Now, let's see how we put these additional metrics into practice.

The Manhattan distance is calculated by adding up the absolute differences between each pair of elements in the vectors. The code achieves this by going through every item in vectors a and b, finding the absolute difference for each pair, and then adding up all the differences.

private static double ManhattanDistance(double[] a, double[] b)
{
    double sum = 0;
    for (int i = 0; i < a.Length; i++)
    {
        sum += Math.Abs(a[i] - b[i]); // Add absolute difference between corresponding elements
    }
    return sum;
}

The Chebyshev distance is the maximum absolute difference between the corresponding elements of two vectors. We implement Chebyshev distance by iterating through the vectors, calculating the absolute differences, and keeping track of the largest difference.
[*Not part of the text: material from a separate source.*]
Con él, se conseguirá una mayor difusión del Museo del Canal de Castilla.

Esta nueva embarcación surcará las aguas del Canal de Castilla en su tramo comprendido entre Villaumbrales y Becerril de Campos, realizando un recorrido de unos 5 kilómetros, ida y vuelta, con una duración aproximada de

private static double ChebyshevDistance(double[] a, double[] b)
{
    double max = 0;
    for (int i = 0; i < a.Length; i++)
    {
        max = Math.Max(max, Math.Abs(a[i] - b[i])); // Track the maximum absolute difference
    }
    return max;
}

Mahalanobis distance considers the covariance between vector features to account for correlations between them. Calculating the Mahalanobis distance is more difficult as it involves the calculation of the dataset's covariance matrix and its inverse.
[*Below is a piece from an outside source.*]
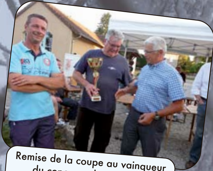
Remise de la coupe au vainqueur du concours de pétanque

Also, note that we used Accord.NET math library for the calculation of the covariance.

 private static double MahalanobisDistance(double[] a, double[] b, double[][] vectors)
    {
        // Compute the covariance matrix using Accord.NET
        var covarianceMatrix = ComputeCovarianceMatrix(vectors);

        // Compute the inverse of the covariance matrix
        var inverseCovarianceMatrix = covarianceMatrix.Inverse();

        // Calculate the difference vector
        var diff = a.Subtract(b);

        // Calculate Mahalanobis distance
        var mahalanobisDistance = diff.Dot(inverseCovarianceMatrix.Dot(diff));

        return Math.Sqrt(mahalanobisDistance);
    }

    // Compute covariance matrix using Accord.NET
    private static double[,] ComputeCovarianceMatrix(double[][] data)
    {
        // Get the number of rows and columns
        var rows = data.Length;
        var cols = data[0].Length;

        // Create a rectangular (2D) array
        var rectangularData = new double[rows, cols];

        // Copy the data from the jagged array into the rectangular array
        for (var i = 0; i < rows; i++)
        for (var j = 0; j < cols; j++)
            rectangularData[i, j] = data[i][j];

        // Compute the covariance matrix using Accord.NET
        return rectangularData.Covariance();
    }

When we run our app, we get the following results:

As our dataset is very small, the time benchmark does not give us much of anything, however, we can see that all of the other models correctly identified the image… except Mahalanobis.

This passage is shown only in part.